# Taste Your Juice With Different Mods



## Rob Fisher (26/3/14)

Then learning curve to vaping is quite steep and thanks to the good people of this forum the learning curve is flattened considerably with all their help.

One thing I'm learning real fast is that playing with different power settings and different MOD and Batteries changes the juice considerably...

When I first tasted VM Strawberry I thought it was nice on a e-Go-C TWist in a mPT2... now it's on the VTR in an Aerotank the flavour has burst into life in a big way... now not sure if it's just has time to steep or that change in power of the different devices is making the big difference! But WOW! 

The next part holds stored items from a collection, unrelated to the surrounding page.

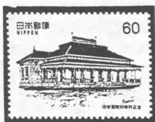
Gakushuin Scott no 1525

Yukio Mishima, the Japanese novelist most widely known for his homosexual novels Confessions of a Mask and Forbidden Colors , was born in 1925. In 1931, he entered the Gakushuin (Peers School) (Japan, Scott no. 1525) from which he eventually graduated at the top of his class. His autobiographical novel, Confessions of a Mask , describes his growing awareness of his own homosexuality during his years at the school.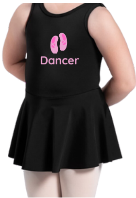
Black or Pink solid colored leotard (Personalized)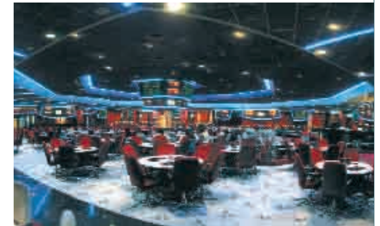
Bingo Hall Jaime I, Spain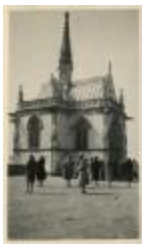
New York School of Fine and Applied Art Students Outside Chapel (PIC03002_b17_f15_40)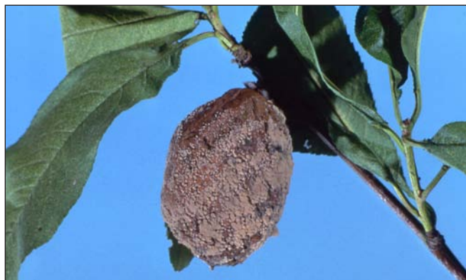
Figure 2. Brown rot producing spores on the surface of an infected peach fruit. These spores can infect other fruit.

Young fruits are normally resistant, but may become infected through wounds. As fruits mature they become more susceptible to attack, even in the absence of wounds. Fruit infections appear as soft brown spots which rapidly expand and produce a tan powdery mass of conidia. The entire fruit rots rapidly, then dries and shrinks into a wrinkled “mummy.” Rotted fruit and mummies may remain on the tree or fall to the ground. Fruit infection may spread rapidly, especially if environmental conditions are favorable and fruits are touching one another.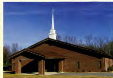
Pictured are the old Pageland church and the new church facility.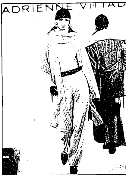
The new knits: Knits are coming on strong for fall. Easy and loose, wool blend camel heather cardigan coat ($370) with layering piece ($98), pant ($220) and scarf ($95). At Adrienne Vittadini, The Somerset Collection, Troy.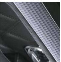
ENGINE-TURNED ALUMINIUM INSERTS TO WAIST RAILS

Time to go through all my juices again!

Reactions: Like 1


----------



## vaalboy (26/3/14)

But it can also work in reverse. Nice tasting juice on a clearo may not taste as nice on a RBT with a sub ohm coil

Reactions: Like 1 | Agree 2


----------



## Rob Fisher (26/3/14)

vaalboy said:


> But it can also work in reverse. Nice tasting juice on a clearo may not taste as nice on a RBT with a sub ohm coil



Roger that!


----------



## BhavZ (26/3/14)

To me all good juices taste fantastic in a dripper and then fantastic juices taste out of this world in a dripper.


----------



## Rob Fisher (26/3/14)

BhavZ said:


> To me all good juices taste fantastic in a dripper and then fantastic juices taste out of this world in a dripper.

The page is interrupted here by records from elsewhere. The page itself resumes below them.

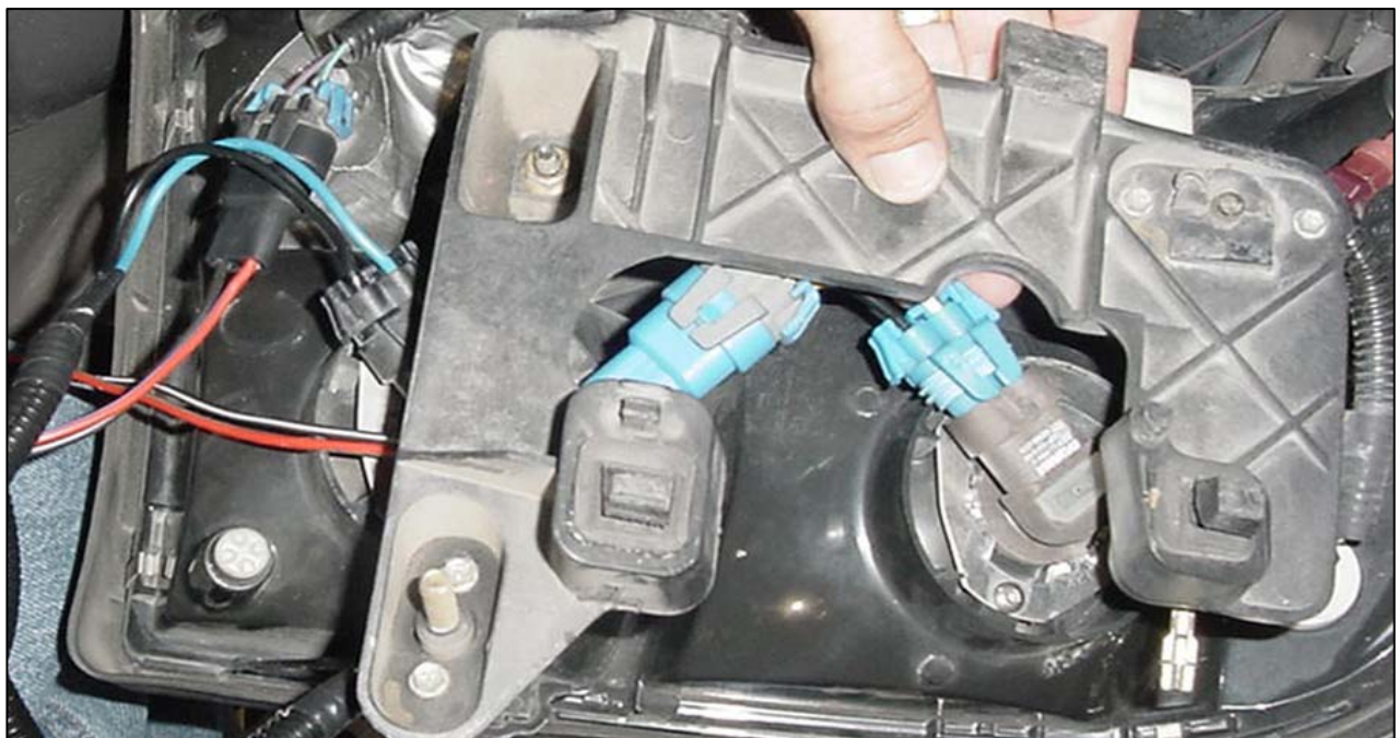
Illustration 3 Painless Headlight Relay Harness plugged into headlights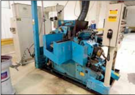
MICRON MACHINERY CNC CENTERLESS GRINDER, MODEL MD-600III-15D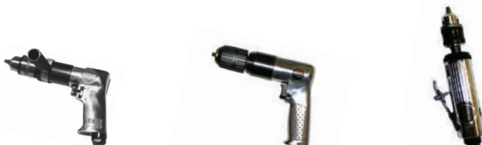
T-7788HR T-6768HRK T-7757D

Quality drills for production use-3/8", 1/2" and 5/8" chuck sizes available

I hear you @BhavZ! Waiting for Gizmo to get some stock!


----------



## CraftyZA (26/3/14)

There is a whole spectrum of rules with regards to how juices taste vs what atty you use. As a rule of thumb, tobacco i crank up the power as far as my lungs can handle. Fruity i keep fairly cool, or even in a bottom coil tank. Deserts somewhere in the middle. 
Then there are complex juices. Certain elements are highlighted or dimmed at different power ratings. Want sweetness, drop the power, want to accent a specific attribute, crank the power. So much experimentation too enjoy, so little time.

Reactions: Agree 1 | Informative 2


----------



## Rob Fisher (26/3/14)

CraftyZA said:


> So much experimentation too enjoy, so little time.



Great explanation thanks @CraftyZA. Time I have now because I don't think I should buy anymore hardware for a while so I have to play with some juice!


----------



## Die Kriek (26/3/14)

Rob Fisher said:


> Great explanation thanks @CraftyZA. Time I have now because I don't think I should buy anymore hardware for a while so I have to play with some juice!


 By a 'while' do you mean for the next 3 days?


----------



## Rob Fisher (26/3/14)

Die Kriek said:


> By a 'while' do you mean for the next 3 days?



Three days.... that will take me up to the weekend... that will mean no Vape Mail till Tuesday! I'm certainly gonna try... no promises but I'm gonna give it a full go!

Reactions: Funny 3


----------